Updated

United Airlines (search), increasingly squeezed by discount carriers in the U.S. market, is cutting back its domestic flight schedule and expanding its international presence in the push to become profitable again.

The change in focus announced Wednesday means the world's second-largest carrier will be offering slightly fewer departures per market in the United States and flying more regional jets as it reduces its domestic capacity 12 percent by March 2005.

International capacity will be boosted by 14 percent as United looks to its more lucrative overseas routes — particularly those to China, Japan and Vietnam — to help it return to profitability after four straight years of losses.

Intent on slashing costs further to try to end its 22-month stay in bankruptcy, United said the moves will reduce overall capacity by 3 percent and shrink its fleet to 455 aircraft by next March, down from 523 in August and nearly 20 percent since 2002.

"Fundamental changes in our industry, including ongoing high fuel costs, intense pricing pressure and continuing overcapacity, demand that we take aggressive steps now in implementing this plan to ensure that United remains competitive," said Glenn Tilton (search), CEO of United and parent company UAL Corp. (search)

With the changes, international operations would account for more than 40 percent of United's capacity and slightly over half of its revenue.

The moves come with United and other large "legacy" carriers continuing to lose ground to discount carriers like JetBlue Airways Corp. (JBLU) and Southwest Airlines Co. (LUV), whose lower costs enable them to offer cheap fares that make little economic sense for the biggest airlines.

"As a legacy network carrier, it makes a lot of sense to put your assets into the international arena" where pricing is more rational, said aviation industry consultant Jon Ash of Global Aviation Associates in Washington. "United has a great international network, so it's a very logical move."

Morningstar Inc. analyst Chris Lozier said it likely will be several years before United faces an international challenge from low-cost carriers, which fly smaller planes and would have to clear regulatory and other hurdles in order to gain access to key overseas markets. He called the airline's change in strategy a good move, albeit slightly overdue.

"If there's one place where they maintain pricing power, it's in the international routes," Lozier said. "They've got plenty of money-losing routes in their domestic network that they can close."

United said it has no immediate plans to drop service to any of the cities it serves and will continue to operate its five U.S. hubs, in Chicago, Denver, Washington Dulles, San Francisco and Los Angeles.

"It's a moderate downsizing of our capacity, spread very evenly throughout the system," United executive John Tague said in an interview.

No specifics were announced concerning flights to be dropped or shifted to regional carriers that operate flights as United Express (search).

"There will clearly be localized impacts, but ... there's no theme to this reduction that impacts one hub or one airport more than another," said Tague, executive vice president of marketing, sales and revenue. He said United has "absolutely no regrets" about launching its discount carrier Ted in select markets this year, saying it will be increasing its fleet to 47 by the end of winter.

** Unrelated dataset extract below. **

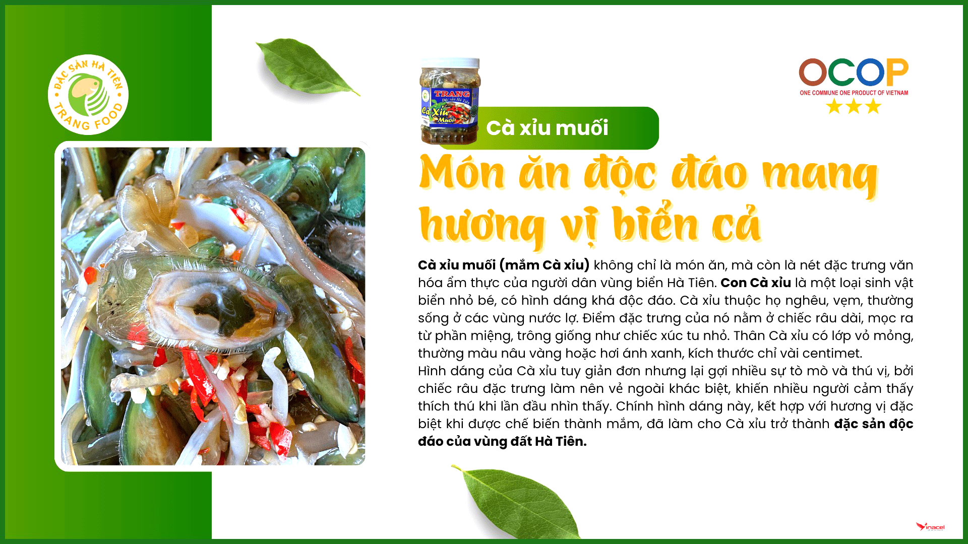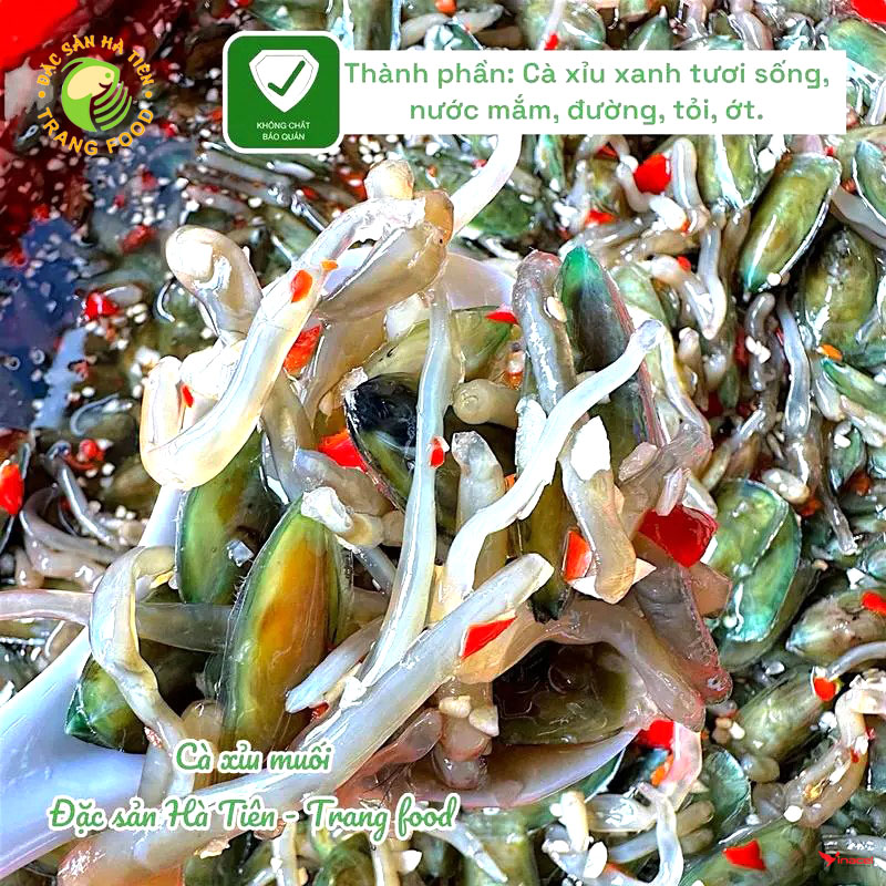 • Cà Xỉu là loài hải sản đặc hữu của vùng biển Hà Tiên. Qua bàn tay khéo léo và bí quyết gia truyền hơn 10 năm của Trang Food, Cà Xỉu muối trở thành đặc sản đậm vị, chinh phục thực khách bởi sự hòa quyện của thịt giòn dai, nước sốt cay nhẹ và mùi thơm độc đáo của tỏi ớt – xứng danh “thương hiệu sản phẩm OCOP của vùng đất cực Tây Nam Tổ quốc”.
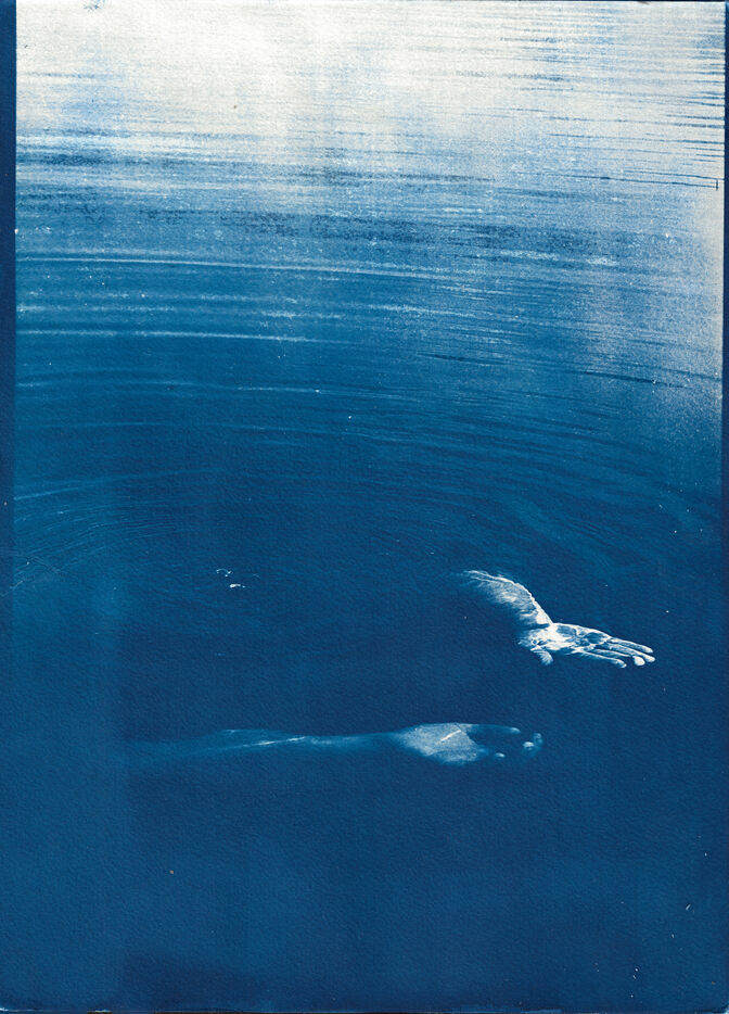 Sa couleur, c'est le bleu. Les Vagues sont bleues. Les cyanotypes sont bleus. Ses activités favorites : nager, flotter et naviguer dans le bleu - des vagues. Une série sur les vagues, le mouvement, la liberté, le bleu et sur lui.

Tilton said in a recorded message to employees that the changes, agreed to last week by the UAL board, are being made after management concluded that United's business model is "inherently uncompetitive" when compared to that of low-cost carriers.

"The customer is willing to pay for specific value components of the overall travel experience that is associated with the global network model," he said. "However, we have burdened the model with costs that the customer is neither willing nor interested in paying for."

Tilton said the airline is on pace to achieve $5 billion in annual cost reductions by 2005. While United has not discussed details publicly, as many as 6,000 job cuts are expected to be announced in the coming weeks as part of that effort when it unveils a new business plan.

The Elk Grove Village-based airline slashed labor expenses last year by more than $2.5 billion annually and is working on more than $1 billion in additional cutbacks, in addition to moving toward what it says is the "likely" elimination of its employee pension funds.